Ламар Кларендон оборачивается на голос сына, морщится и снова принимается оценивать сравнительные достоинства «Чирриоз» «и «Шреддид Уит» [59] . «Валяйте, — бросил он Биву, когда тот сказал, что они хотят позвонить Даддитсу. — Понять не могу, с чего вам вдруг взбрело говорить
59
Марки овсяных и пшеничных хлопьев.
Джоунси снова подносит трубку к уху и успевает уловить обрывок фразы:
— …вернулись в Дерри? Я думала, вы охотитесь где-то в Кинео.
— Нет, мы все еще здесь, — отвечает Джоунси и, оглянувшись на друзей, с удивлением замечает, что они почти не вспотели, разве что лоб Генри чуть влажный, на верхней губе Пита несколько крошечных капелек и все. Ну просто Психербург какой-то! — Мы просто думали… э… что, пожалуй, лучше позвонить.
— Вы знали.
Голос спокойный, бесстрастный. Не рассерженный. Не отчужденный. Но и не вопрошающий. Констатирующий.
— Э-э-э… — Он поправляет ворот рубашки. — Да.
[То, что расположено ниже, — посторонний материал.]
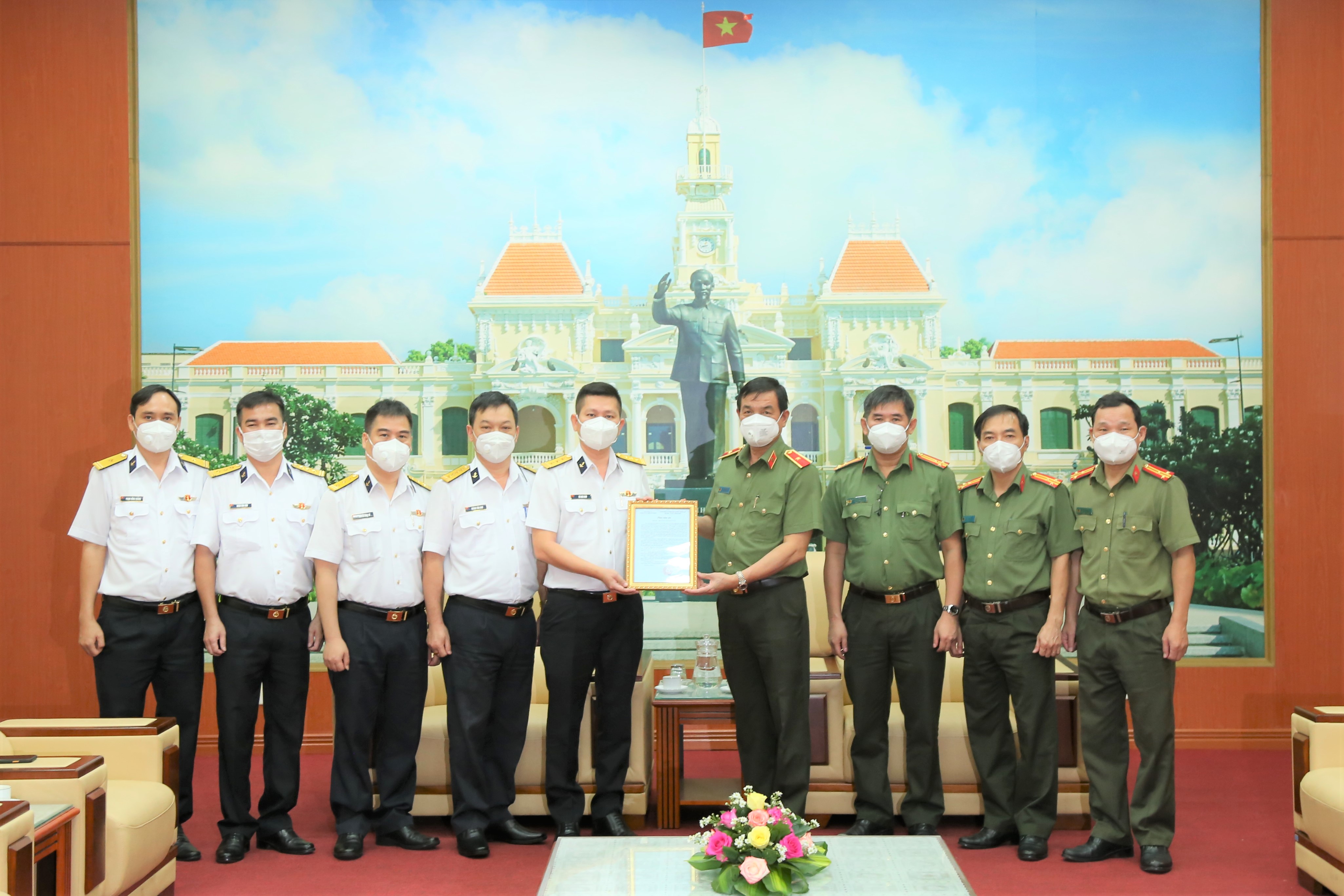 (QK7 Online) - Sáng 6/10, đoàn công tác của Tổng công ty (TCT) Tân cảng Sài Gòn do Thượng tá Võ Hoài Nam, Phó Tổng Giám đốc đến trao kinh phí hỗ trợ cán bộ, chiến sĩ Công an Thành phố Hồ Chí Minh phòng, chống dịch Covid-19. Thiếu tướng Lê Hồng Nam, Giám đốc Công an Thành phố chủ trì buổi tiếp nhận kinh phí.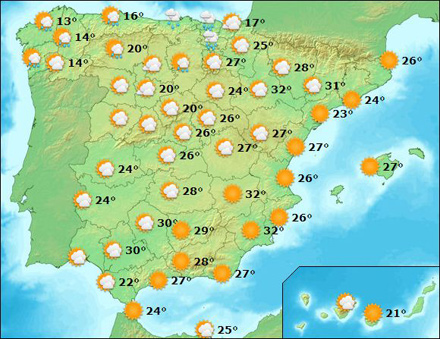 Efter et par varme dage med 38 grader flere steder i Sydspanien, er der udsigt til mere skyet vejr. Årsagen er et lavtryk, som i dag trækker ind over Galicien, og det giver mere ustadigt og køligt vejr i den næste uges tid.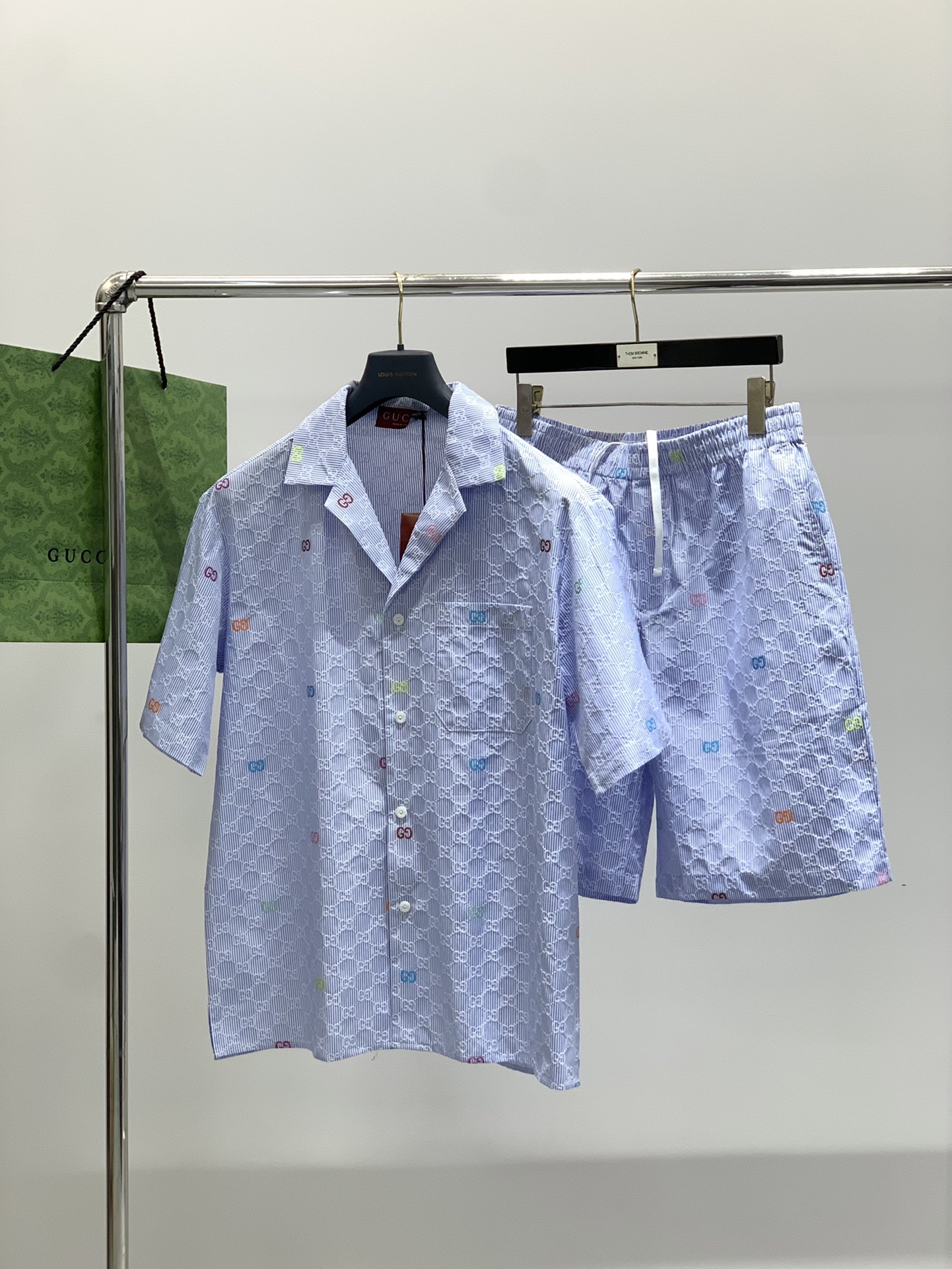 Clothes, shorts, Gucci, the latest summer 2025 collection, available simultaneously at the counter. Original single essentials, fashionable casual sets, very distinctive when worn! Eye-catching and with highlights, made of imported original fabric, decorated with top-quality jacquard lettered patterns and logos, decorated with original hardware accessories, simple yet fashionable, classic and elegant, comfortable and breathable, looking cool and stylish when worn. Size: S-XL Sizes: S, M, L, XL Garment length: 73.5 75 76.5 78 Chest measurements: 114 118 122 126 Shoulder width: 50 52 54 56 Hem 114 118 122 126 S M L XL Side length: 53 53.5 54 54.5 Waist circumference: 78, 82, 86, 90 Seat size: 108 112 116 120 Toe 64 66 68 70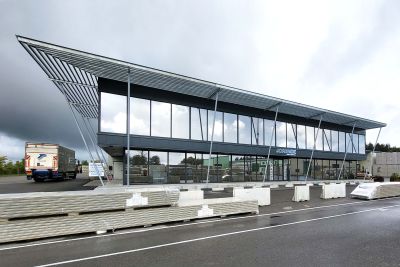 Tekst: Le nouveau poste de commande est implanté en bordure de l’écluse principale et regroupe les commandes des 4 écluses du site de Lanaye. Le bâtiment se compose de deux volumes parallélépipédiques, superposés et décalés. Le volume supérieur est complètement vitré. Grâce à sa structure métallique particulièrement minimaliste, composée de 4 tubes 150/150/5 mm supportant la toiture. Les façades et les faux-plafonds sont enveloppés de feuilles en métal déployé.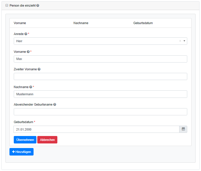 Unter Angaben zur beurkundeten Person werden die persönlichen Angaben eingetragen.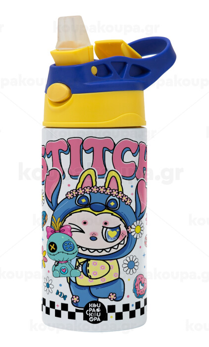 Labubu Stitch, Children's hot water bottle, stainless steel, with safety straw, green, blue (360ml) BPA FREE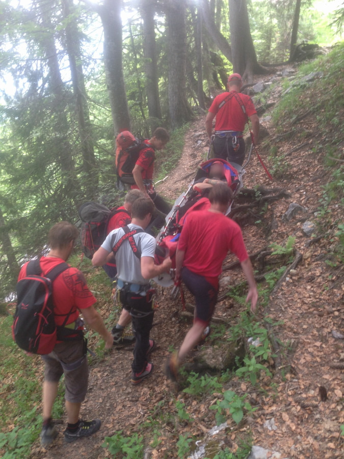 dort zu Fuß zum Verletzten zu gelangen. Der Abtransport des Patienten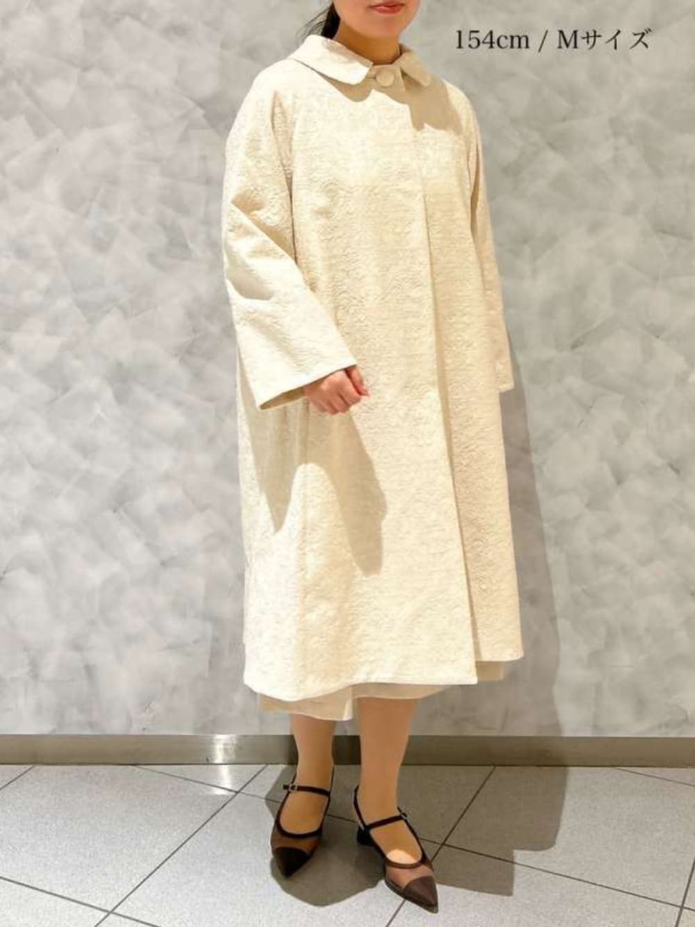 *ミリ―ジャガード ジャガード織りならではの緻密な立体感と、どこかヴィンテージライクな趣が魅力の主役級スプリングコート。 一目で上質さが伝わる素材感と、ストロベリーフィールズらしいフェミニンなシルエットが融合した、特別な一着です。 洗濯:ドライクリーニング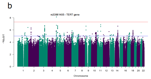 位于端粒酶逆转录酶(TERT)基因内含子中的rs33961405的A等位基因与T细胞端粒长度减少有关。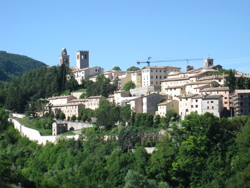 Sankt Franz von Assisi ehrend die Kirche und das Kloster von Sanctuario della Verna Siesta mit Tagebuchschreiben Ein neuer Pass Valico dello Spino auf 1055 m. Abweichslungsreiche Landschaft des Apennin. VIII. Tag 29.05. 128 km Camping La Montesca-5km-Citta di Castello-19km-Bocca Serriola-9km-Apecchio- 4km Colombara -8km-Serrevalle di Carda-8km-Monte Nerone**(BIG, 1498m, Höhenunterschied:1022m)-8km-Serravalle di Carda-9km-Pianello, Moria, Palcano, Pontedazzo-11km-Cantiano-12km-Scheggia-16km- Fossato di Vico-7km-Cima Mutali**-(BIG,1083m, Höhenunterschied.:570m)- 7km- Fossato di Vico -Gualdo Tadino-7km-anstelle des Campings in Valsorda Übernachtung in einer neuen komfortablen Herberge für 20 € pro Person. Ausblick nahe La Montesca Zeltplatz Citta di Castello-ra. Die erbitterten letzten Kilometer hinauf auf Cima Mutali. Die riesige Blumenwiese hat mich "entschädigt". Verdienete Pause. Abfahrt mit schöner Aussicht. Ausblick von Monte Nerone. Pianello, die kleine Stadt. Pass von Valico_di_Scheggia auf 632 m. IX. Tag 30.05. 110 km Valsorda-6km-Gualdo Tadino-14km-Nocera Umbra-7km-Bagnara-10km-Colfiorito-15km-Pieve Torina-16km-Visso(153E6)-8km-Castelsantangelo s. Nera(163A4)-15km-Casteluccio-8km-Forca di Presta**(BIG, 1540m, Höhenunterschied.:938m)-10km-Arquata del Tronto-26km-Amatrice(Rieti)-5km-Localita Retrosi. Abfahrt am Morgen von Valsorda. Berghang im Morgensonnenschein. Erneut in der Stadt von Gualdo Tadino. Nocera , die Stadt gebaut auf dem Berg. In den bezauberden Bergen des Apennin , auf den Einöden der Forca di Presta musste man auch mit dem Wind kämpfen. Laci zieht sich aus. Endlich auf der Höhe, Forca di Presta und die Aussicht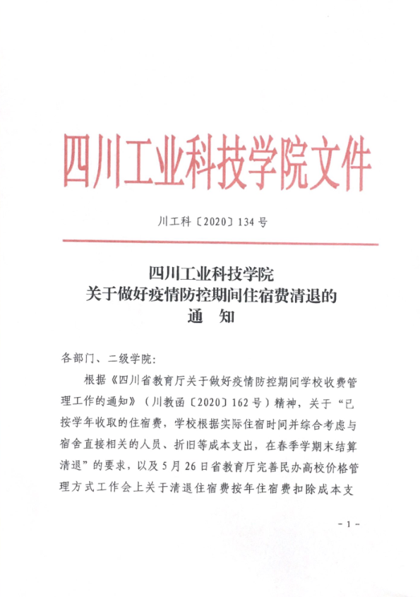 304永利集团官网入口关于做好疫情防控期间住宿费清退的通知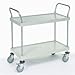 Heavy Duty Utility Cart ideal for use in restaurants, offices, warehouses, schools and just about anywhere. Strong solid plastic shelves provide increased capacity and easy to clean surfaces. Shelves can be easily adjusted on 1 inch increments with numbered markings. Rolls smoothly on 5" polyurethane stem casters, 2 with brakes. 900 lb. load capacity. NSF approved for dry use., Lot of 1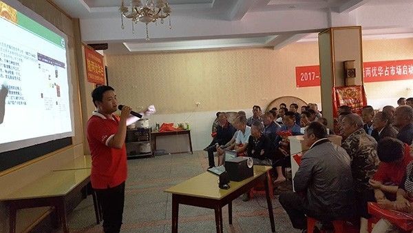 隨后,大家返回江陵灘橋鎮(zhèn)開展市場(chǎng)啟動(dòng)會(huì),會(huì)議開始,首先由荊州經(jīng)銷商孫友軍致開場(chǎng)詞,緊接著由亞華湖北分公司喬炳輝給在場(chǎng)農(nóng)戶介紹了公司及隆兩優(yōu)華占的相關(guān)信息,隨后由亞華湖北分公司陳小雙做了相關(guān)補(bǔ)充,并對(duì)之后的工作安排和相關(guān)政策進(jìn)行了詳細(xì)講解,最后在當(dāng)?shù)亓闶凵谈独习宓闹鞒窒麻_始訂購,本次會(huì)議預(yù)期到場(chǎng)100人,實(shí)際到場(chǎng)300人,訂購場(chǎng)面異常火爆!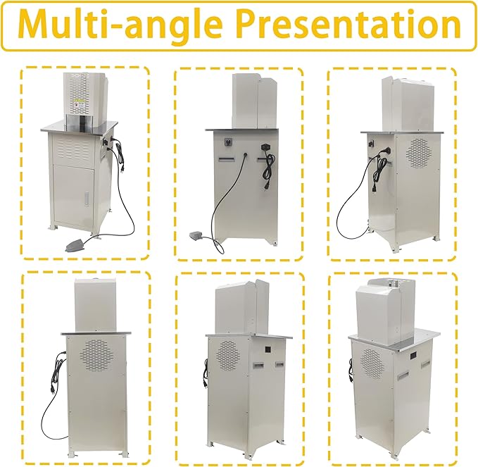- [FOOT-OPERATED PRECISION CONTROL]- Engineered for ergonomic efficiency, the paper round corner cutting machine features a responsive foot pedal that enables completely hands-free operation. This design liberates both hands for optimal material positioning and alignment adjustments during rapid processing. Operators can maintain continuous workflow rhythm by triggering cutting cycles (56 times/minute) without interrupting material handling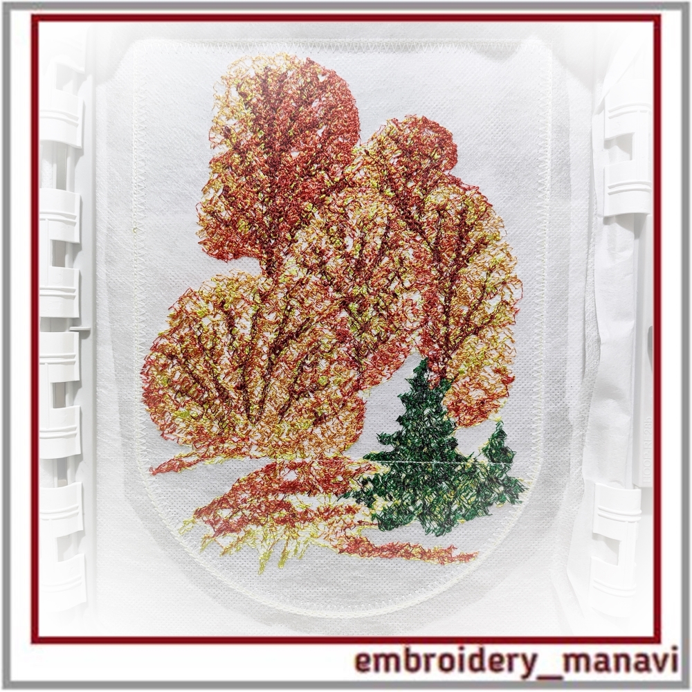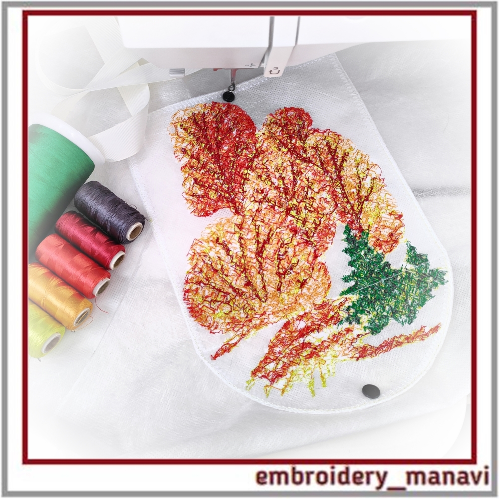 👉Celebrate the season with this delicate Watercolor Autumn Pocket — a digital machine embroidery design crafted for foldable tote bags. Designed with a light photo stitch technique to preserve transparency and softness, this piece brings the warmth of fall to your eco-friendly bag projects.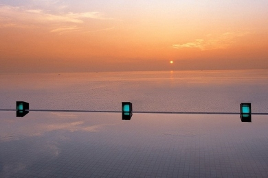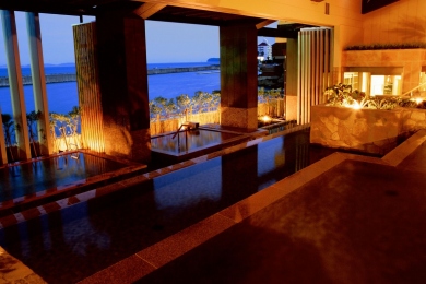 空へ誘うインフィニティバス、波打ち際の露天風呂。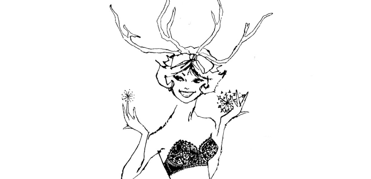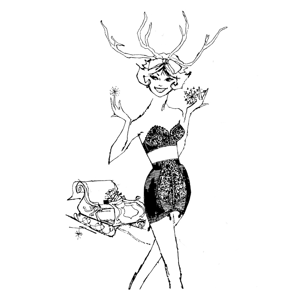 It’s December 1959. Your ad agency is tasked with promoting the new line of holiday-themed bras and girdles from Formfit. How to you play it? Add reindeer antlers to your sketch showing the Formfit girl wearing a strapless bra and lacy girdle and name her Vixen!.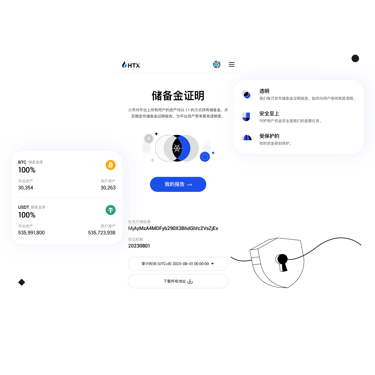 我们以1:1的方式持有储备金,并定期发布储备金证明报告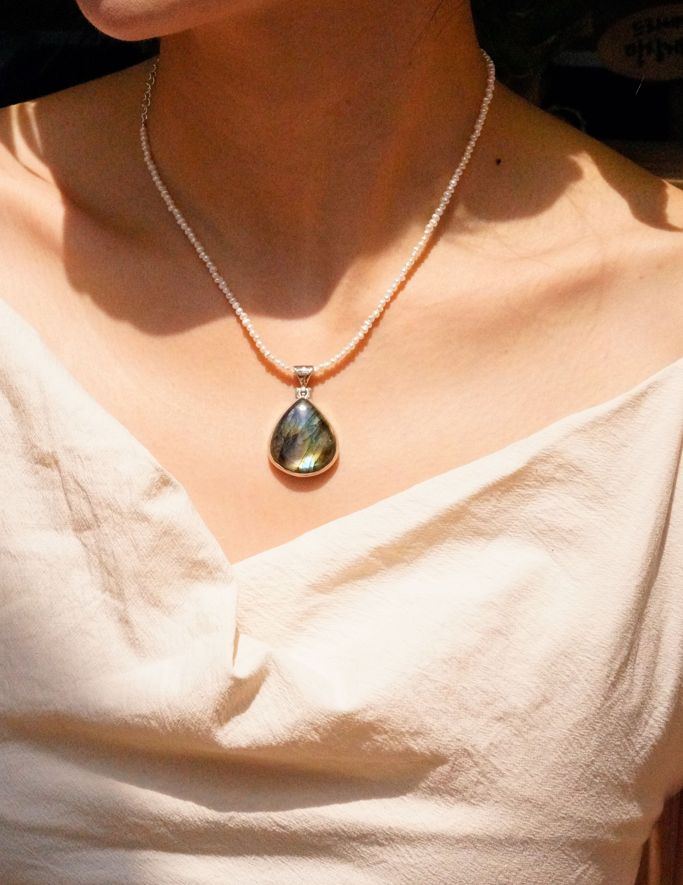 [150][원석포인트][마지막 한점] 래브라도라이트 원석 물방울 925 실버 펜던트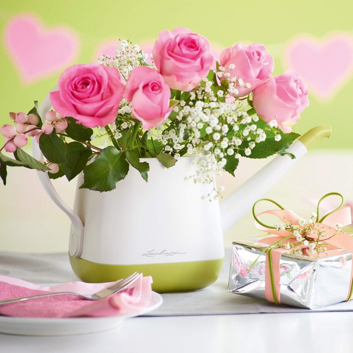 Лейка для комнатных растений Lechuza YULA белая-зеленая матовая 1,7 л
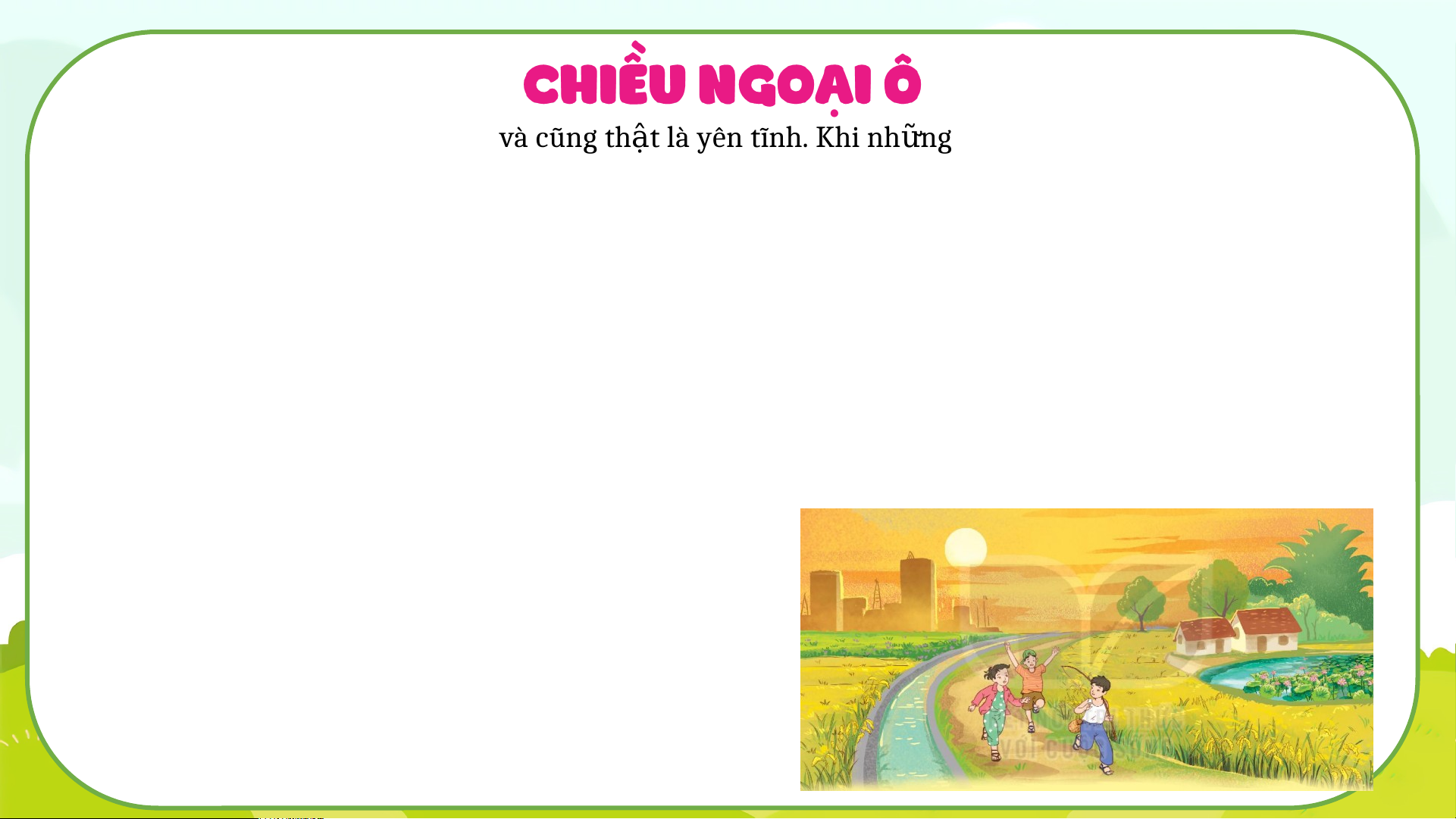 ồ lúa chín mênh mông/ và c ả một kho n ả g tr i ờ bao la,/nh n ữ g đám mây tr ng ắ /vui đùa đu i ổ nhau trên cao. // Ngoại ô (hay ngoại thành) khu vực bao quanh thành phố.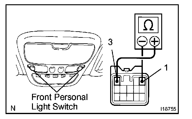 b. Push the personal light switch ON, check that continuity exists between terminal 1 and terminal 3.

Любой на ее месте засыпал бы его сотнями вопросов, начиная с «откуда вы узнали» и «что, во имя Господа, с ним творится», но Роберта не любой-всякий, и, кроме того, почти целый месяц наблюдала их рядом со своим сыном. Поэтому и говорит:
— Подожди, Джоунси. Сейчас я его позову.
Джоунси ждет. Издалека доносятся рыдания Даддитса и тихие уговоры Роберты. Она объясняет. Утешает. Заманивает его к телефону. Повторяет магические имена:
«Джоунси, Бивер, Пит, Генри».
Вопли приближаются, и Джоунси ощущает, как они вонзаются в голову, тупой нож, который мнет и крошит плоть, вместо того чтобы резать. У-У-У-У. По сравнению с плачем Даддитса локоть Генри кажется нежными объятиями. И тропический дождь льется по шее солеными потоками. Взгляд устремлен на две таблички над телефоном. Первая гласит: ограничьте время разговора пятью минутами, пожалуйста. На второй еще одна просьба: никаких непристойностей по телефону. Под ней кто-то нацарапал:
КАКОЙ КОЗЕЛ ЭТО СОЧИНИЛ?
Но тут трубку берет Даддитс, и в ухо Джоунси ввинчивается ужасный громовой рев. Джоунси морщится, но, несмотря на боль, сердиться на Дадса невозможно. Здесь они вместе, все четверо, а он там один. До чего же все-таки странное создание! Господь покарал и благословил его одновременно, и при мысли об этом у Джоунси голова идет кругом.
— Даддитс, — говорит он, — Даддитс, это мы. Я Джоунси.
И передает трубку Генри.
— Привет, Даддитс, это Генри.
Трубка у Пита.
— Привет, Дадс, это Пит, не плачь, все хорошо…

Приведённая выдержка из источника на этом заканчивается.